Work to complete: Copy exactly the lines from the beginning of the data down to and including the line holding "在n-back任务中包括三种", without any pictures.

Supplied material:

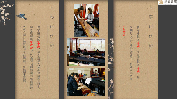 4.古琴研修班。砚湖书院的古琴研修班在周四中午的初级班(将军路校区)一个班级。此班的10次课程包括1次古琴名曲鉴赏和乐理解读,8次古琴技法解读与名曲训练,1次期末汇演。每学期课程结束后,参与学习的教职工可以弹奏出至少6首曲子。
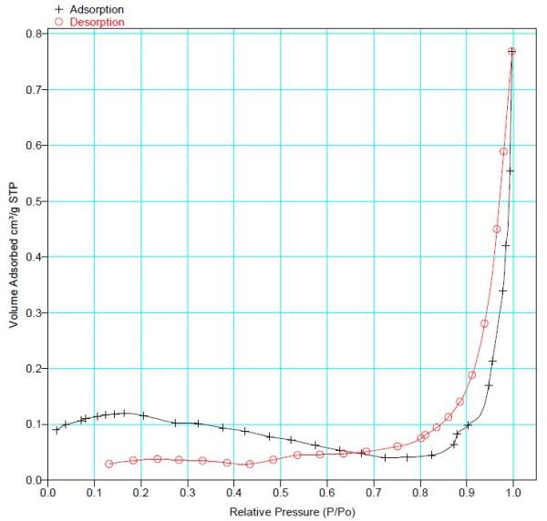 感觉吸附脱附曲线有些问题,煤焦比表面这么小吗,请大家帮忙指出应该是哪里出问题了?
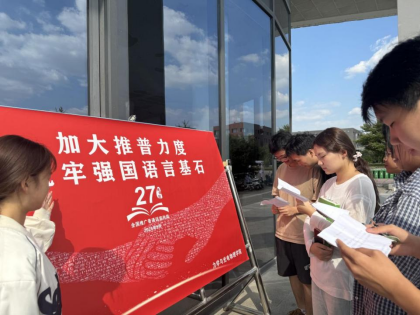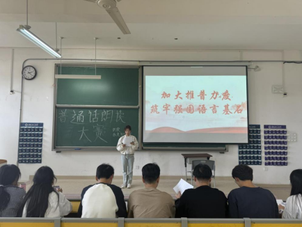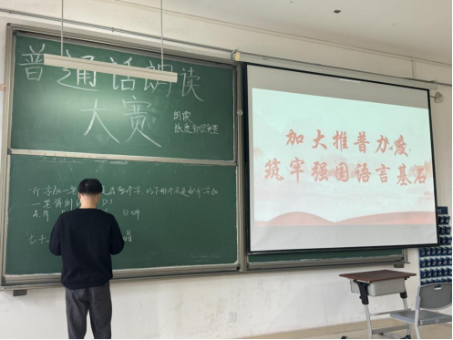 为营造良好的推普环境,学院师生利用主题班会、公众号、展板等多种渠道,广泛宣传国家语言文字法律法规,努力营造和形成人人讲普通话、个个写规范字的良好氛围和行动自觉。
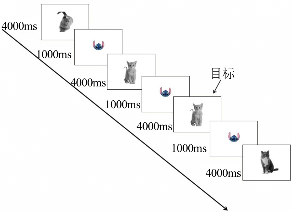 在n-back任务中包括三种刺激类型,社会性刺激(面孔:男,女)、限制性兴趣刺激(动物:猫,狗)和非限制性兴趣刺激(乐器:提琴,吉他)。三种刺激类型在呈现方式、大小和呈现时间上保持一致。任务使用E-Prime软件编程,屏幕背景为白色,图片刺激呈现在屏幕中央。实验设置两种难度水平:1-back和2-back。1-back要求被试比较当前刺激和上一个刺激是否相同(如图1);2-back要求被试比较当前刺激和上个刺激是否相同。在两种叠加层条件下(有/无颜色叠加层)都实施了1-back和2-back任务,每种任务难度下包含60个试次。
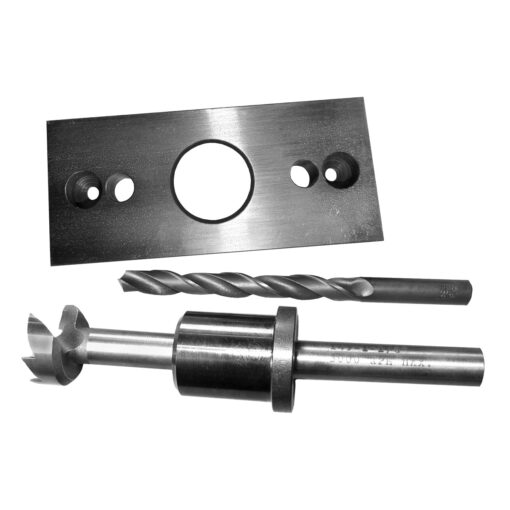 This drill fixture works for the GraCoil® S and LP models, the only difference is the hole depth. Once the stock has been cut off and the mounting screw holes have been drilled, then the drill plate can be mounted. Now you are ready to drill the 1 1/8" diameter hole to required depth and then drill the 3/8" hole in two places to their required depth. Remove the fixture, fit the plate and you are done. Unit comes complete with steel plate, 1 1/8" multi-spur bit, 3/8" drill bit and drill bushing.
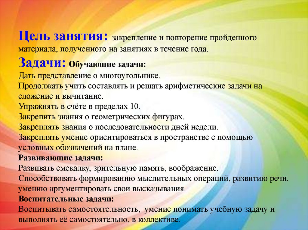 Цель занятия: закрепление и повторение пройденногоматериала, полученного на занятиях в течение года.

Result for this exercise:
 4.古琴研修班。砚湖书院的古琴研修班在周四中午的初级班(将军路校区)一个班级。此班的10次课程包括1次古琴名曲鉴赏和乐理解读,8次古琴技法解读与名曲训练,1次期末汇演。每学期课程结束后,参与学习的教职工可以弹奏出至少6首曲子。
 感觉吸附脱附曲线有些问题,煤焦比表面这么小吗,请大家帮忙指出应该是哪里出问题了?
 为营造良好的推普环境,学院师生利用主题班会、公众号、展板等多种渠道,广泛宣传国家语言文字法律法规,努力营造和形成人人讲普通话、个个写规范字的良好氛围和行动自觉。
 在n-back任务中包括三种刺激类型,社会性刺激(面孔:男,女)、限制性兴趣刺激(动物:猫,狗)和非限制性兴趣刺激(乐器:提琴,吉他)。三种刺激类型在呈现方式、大小和呈现时间上保持一致。任务使用E-Prime软件编程,屏幕背景为白色,图片刺激呈现在屏幕中央。实验设置两种难度水平:1-back和2-back。1-back要求被试比较当前刺激和上一个刺激是否相同(如图1);2-back要求被试比较当前刺激和上个刺激是否相同。在两种叠加层条件下(有/无颜色叠加层)都实施了1-back和2-back任务,每种任务难度下包含60个试次。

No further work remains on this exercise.